Every July, millions of Americans celebrate independence. Independence from a mother nation, from taxation without representation, from religious persecution. But, as special needs parents, there is a different battle for independence that we do not celebrate. I’m talking about the battle raging within us to allow our special needs child to be independent.
Our special kids face so many challenges – learning, physical, health, social, and communication – the list goes on and on. They spend their free time in therapies, not on the ball field like their peers. Their lives are so difficult and as their parents, we want to make things easier. We see them struggling every day with the basics of living, so what harm can it do help them out? Ask the teachers and therapists – they’ll tell you a lot!
Part of the problem in our house is that John simply doesn’t want to be independent in most things. He is perfectly content to let me do everything for him. I have to force him (and myself to let him) to do basic tasks every day. I have had the blessing to be the parent to both an autistic child and a neurotypical one. I remember when John was around three; I took him to the pediatrician. I asked when I should expect him to use utensils to eat. The doctor reassured me that he would go through an “I do it!” phase. I waited and waited, but it never came. It wasn’t until our youngest came along that I realized exactly what the doctor was talking about. Nathan doesn’t want me to do ANYTHING anymore! He thinks that the ripe old age of three and a half, that he can do it all. From picking out his clothes to using the microwave, he is the master of everything. John, on the other hand… not so much.
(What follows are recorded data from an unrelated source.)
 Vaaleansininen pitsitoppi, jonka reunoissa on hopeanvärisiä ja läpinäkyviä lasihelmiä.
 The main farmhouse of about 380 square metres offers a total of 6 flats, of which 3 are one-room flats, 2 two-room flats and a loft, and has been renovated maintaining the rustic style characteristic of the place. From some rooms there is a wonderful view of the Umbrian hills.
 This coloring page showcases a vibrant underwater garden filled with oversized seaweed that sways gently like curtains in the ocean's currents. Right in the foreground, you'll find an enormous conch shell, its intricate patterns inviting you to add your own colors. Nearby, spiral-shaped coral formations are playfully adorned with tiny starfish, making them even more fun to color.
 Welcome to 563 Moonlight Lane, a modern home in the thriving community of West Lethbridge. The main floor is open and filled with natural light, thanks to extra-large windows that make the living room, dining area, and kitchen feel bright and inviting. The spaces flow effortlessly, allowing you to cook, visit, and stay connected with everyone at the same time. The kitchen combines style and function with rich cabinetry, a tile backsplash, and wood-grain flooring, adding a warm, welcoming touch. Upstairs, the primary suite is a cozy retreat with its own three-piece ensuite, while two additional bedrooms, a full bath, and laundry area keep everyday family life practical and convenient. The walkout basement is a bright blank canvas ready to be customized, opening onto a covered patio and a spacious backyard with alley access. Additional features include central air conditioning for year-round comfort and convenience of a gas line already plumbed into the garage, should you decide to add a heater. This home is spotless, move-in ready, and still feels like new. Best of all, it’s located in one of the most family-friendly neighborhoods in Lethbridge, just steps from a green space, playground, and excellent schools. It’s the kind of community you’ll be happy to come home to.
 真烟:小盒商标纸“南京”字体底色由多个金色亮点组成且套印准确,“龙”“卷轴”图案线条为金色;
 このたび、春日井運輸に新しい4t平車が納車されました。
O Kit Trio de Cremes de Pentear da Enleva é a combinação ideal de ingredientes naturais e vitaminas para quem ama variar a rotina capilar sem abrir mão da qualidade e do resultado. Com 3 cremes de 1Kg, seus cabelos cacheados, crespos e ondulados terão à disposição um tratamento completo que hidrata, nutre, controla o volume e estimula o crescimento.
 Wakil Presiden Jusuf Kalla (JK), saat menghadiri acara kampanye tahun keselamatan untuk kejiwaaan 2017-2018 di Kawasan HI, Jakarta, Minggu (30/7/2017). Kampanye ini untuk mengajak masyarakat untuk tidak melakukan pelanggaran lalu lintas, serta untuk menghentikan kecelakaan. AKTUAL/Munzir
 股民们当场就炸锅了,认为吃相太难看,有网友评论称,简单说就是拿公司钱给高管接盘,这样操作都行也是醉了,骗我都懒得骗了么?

And let’s face it – sometimes is it just easier to do things for them. For almost eight years, I have worked with John about putting on his shoes and socks. We have sung songs, watched videos, and practiced every day. He even had it as homework for a week last school year! But every morning, he acts like it is completely foreign. Part of it is that he really likes being barefoot, but the other part is that he just doesn’t care. So every morning, I try, get frustrated, give up, and put on his shoes for him. Yes, I know he can do it and he’s playing me, but I have to get his butt out the door and on the bus!
I think the hardest part of the battle is that it is so difficult to accept that we won’t be around forever to help. Deep down we know this, and it looms like a dark cloud in our minds. We know that the independent skills are so necessary, but making sure that the children can perform them is a form of admission that one day they will be on their own. And it is terrifying.
So fellow special parents, put on your mental armor. Fight that battle and let your child struggle to be independent. Clean up the spills. Plan the extra time needed. Resist the urge to do it yourself. Then celebrate the wins with a cold beer and fireworks if need be. I’ll still be working with John to put on his shoes.